Next, we evaluate the control effects on the aerodynamic efficiency (i.e. lift-to-drag ratio) of the airfoil, which is typically expressed as the ratio between lift and drag coefficients. The lift and drag coefficients are defined as $C_l = f_l/(bq)$ and $C_d = f_d/(bq)$ , respectively, where we denote $b$ as spanwise width, whereas $f_l/b$ as the lift force per unit length, $f_d/b$ as the drag force per unit length and $q$ as the free stream dynamic pressure ( $q = {1}/{2} \rho U^2_{\infty }$ ). Note that the $f_l/b$ and $f_d/b$ are calculated by integrating wall-shear stress and the pressure force around the wing section and projecting them on the directions parallel and perpendicular to the incoming flow, respectively.

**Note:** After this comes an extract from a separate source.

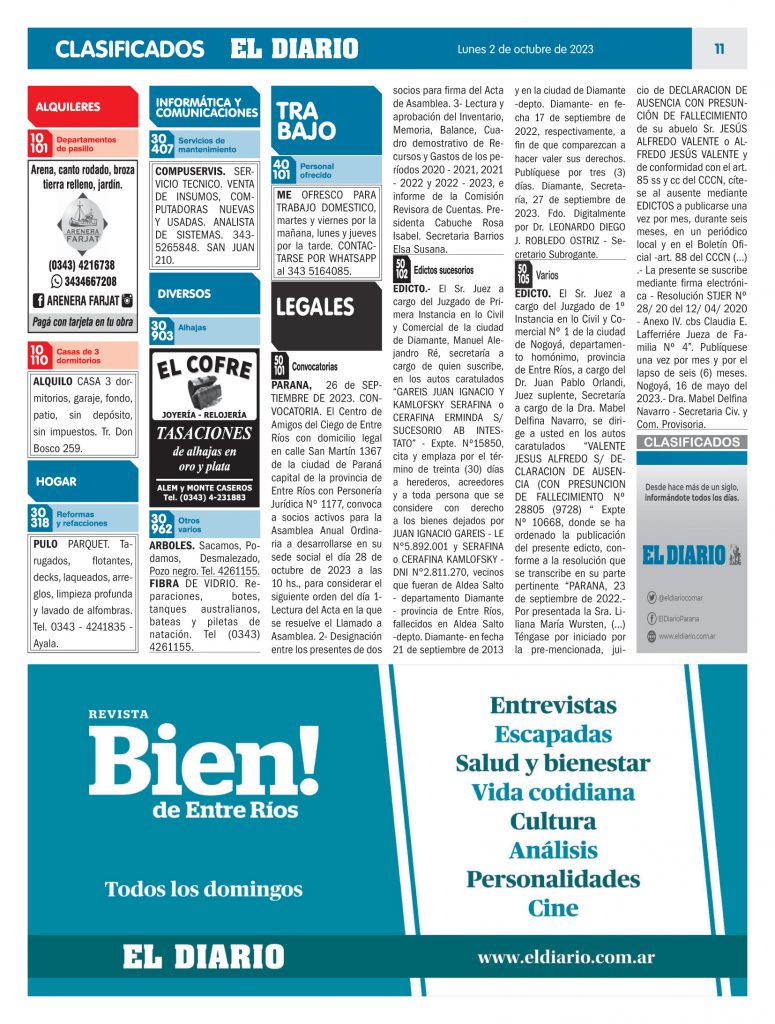 Clasificados 02.10.23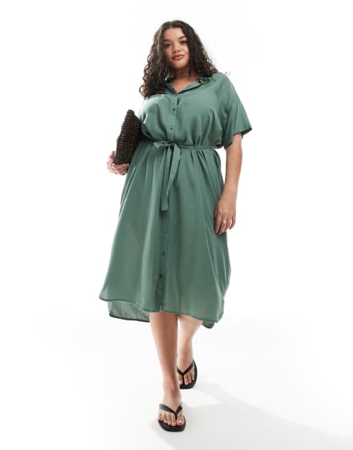 Vero Moda Curve - Robe chemise mi-longue avec ceinture nouée - Vert

To investigate the contributions of the drag coefficient $C_d$ , we further decompose it into skin-friction drag $C_{d,f} = f_{d,f}/(bq)$ and pressure drag $C_{d,p} = f_{d,p}/(bq)$ .

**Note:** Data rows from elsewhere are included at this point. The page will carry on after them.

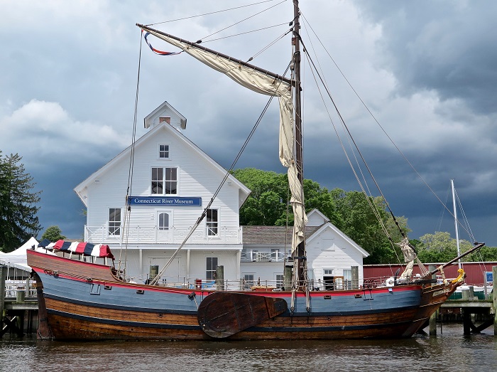 Then off for the one mile run to the Essex Yacht Club and the village of Essex, the home to the CT River Museum ,where the Onrust is berthed these days.  She’s available for cruises on the river through the CT River Museum, also a great place to visit.   I wrote about her in this post when she first arrived in the area.  She’s beautifully built and worth seeing. Essex Harbor is quite large and while there are lots of moorings for rent, there is also plenty of room to anchor on the far side of the river.   This shot, from the air, is compliments of the CT River Museum. It’s a beautiful harbor, especially in the early morning.  Fresh water here too.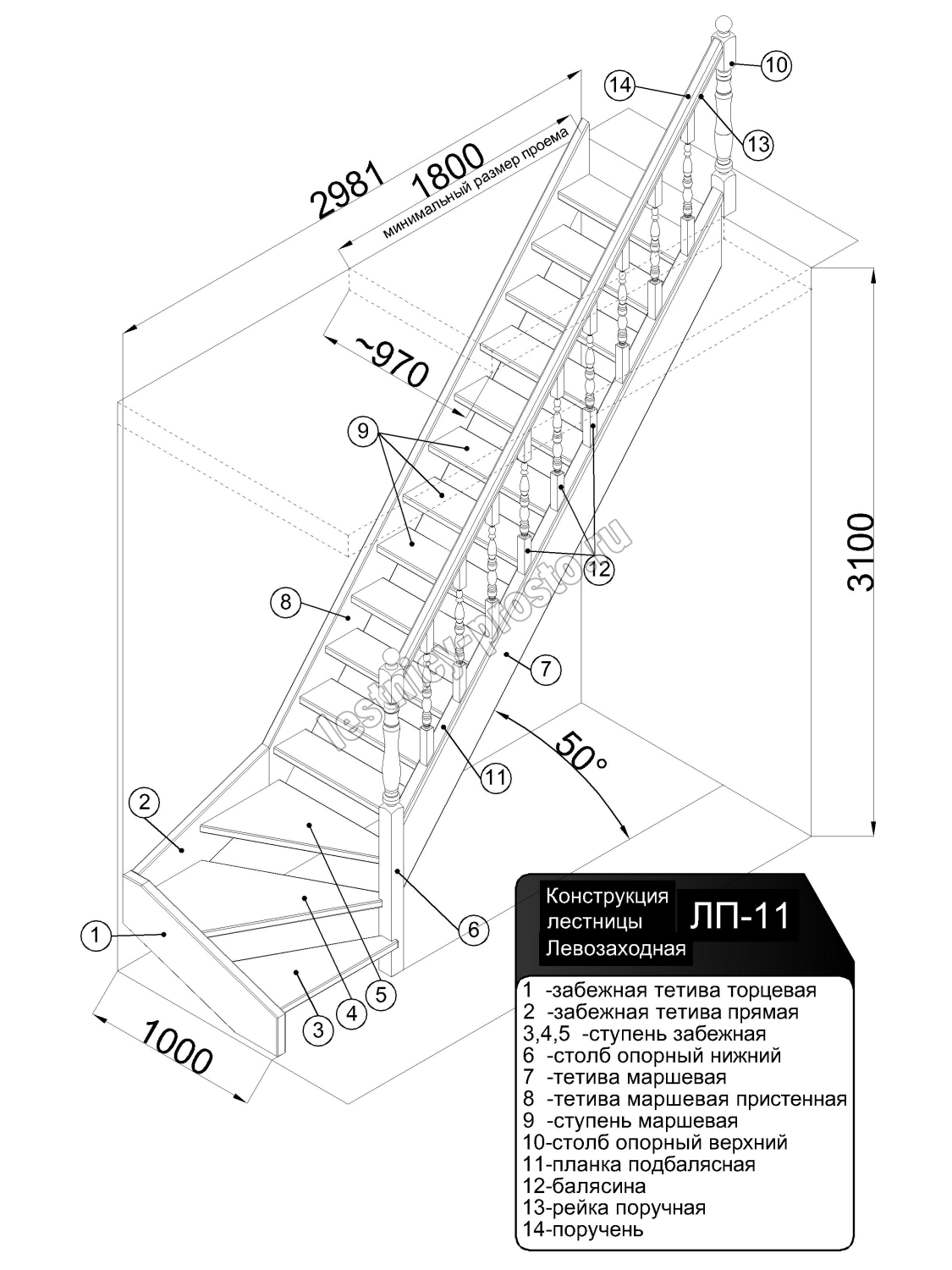 Классическая деревянная лестница с удобным забежным поворотом. Лестница без какого-либо покрытия. В комплекте элементы лестницы и ограждения в разобранном виде, необходимый крепеж, инструкция по сборке.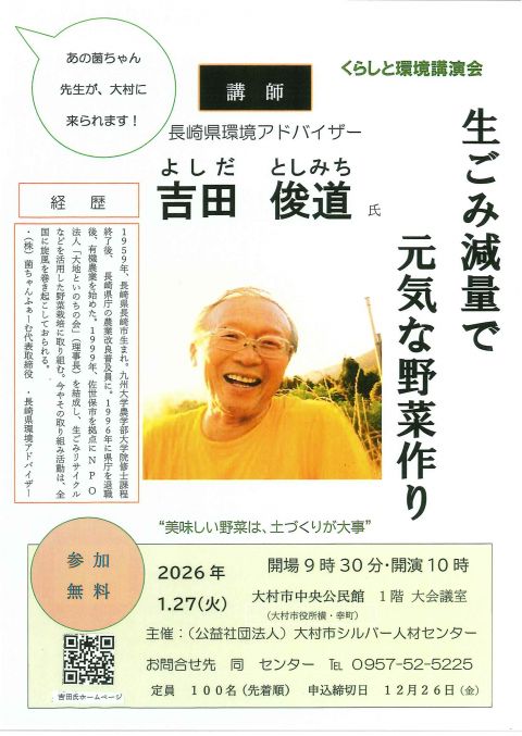菌ちゃん先生こと吉田俊道氏が大村に来られます!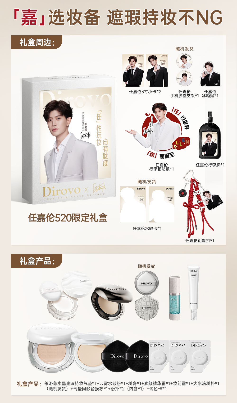 【任嘉伦同款】蒂洛薇保湿肽系列限定520大礼盒水晶气垫+粉膏+水散粉+素颜精华霜+妆前霜【周边退货需退回】

Table 3 summarizes the values of the integrated lift ( $C_l$ ), integrated skin-friction ( $C_{d,f}$ ), and pressure ( $C_{d,p}$ ) contributions to the total drag ( $C_d$ ) and the aerodynamic efficiency ( $L/D = C_l / C_d$ ) for the cases considered in the present study. Note that as the $C_l$ for case Ref1 is approximately $0$ and thus $L/D \approx 0$ , whereas the OC1 and BL1 increase and decrease the $C_l$ by a magnitude of $O(10^{-3})$ , respectively, which is a minor change. We therefore focus on the modification of $C_d$ for those cases. Uniform blowing applied on the suction side reduces the friction drag force thus reduces the $C_{d,f}$ while increasing the $C_{d,p}$ , which is also reported by Atzori et al. (Reference Atzori, Vinuesa, Fahland, Stroh, Gatti, Frohnapfel and Schlatter2020). Consequently, case BL1 does not change the $C_d$ and case BL2 increase the $C_d$ by $2.8\,\%$ with respect to the uncontrolled case. However, applying OC on the suction side (case OC1 and OC2) reduces both $C_{d,f}$ and $C_{d,p}$ simultaneously. The resulting reductions in $C_d$ are $6.8\,\%$ and $5.1\,\%$ for case OC1 and OC2, respectively, being similar to the effects of applying body-force damping on the suction side.

Table 3. Integrated lift ( $C_l$ ), integrated skin-friction ( $C_{d,f}$ ), and pressure ( $C_{d,p}$ ) contributions to the total drag ( $C_d$ ), and the aerodynamic efficiency ( $L/D$ ) for the cases considered in the present study. The values in the parentheses report the relative changes obtained by control.

4.1. Mean velocity profile

Figure 4 depict the inner-scaled mean wall-tangential velocity profiles $U^{+}_t$ at $x/c = 0.75$ on the suction side of the wing sections, respectively. Stronger APGs are known to enhance the wake region in inner-scaled profiles (Spalart & Watmuff Reference Spalart and Watmuff1993; Monty et al. Reference Monty, Harun and Marusic2011). This effect remains evident in the uncontrolled cases at $x/c=0.75$ , where case Ref2 exhibits a higher pressure gradient ( $\beta = 3.4$ ) than Ref1 ( $\beta = 0.45$ ). Note that the stronger APG results in a steeper slope in the very incipient overlap region found there (Spalart & Watmuff Reference Spalart and Watmuff1993).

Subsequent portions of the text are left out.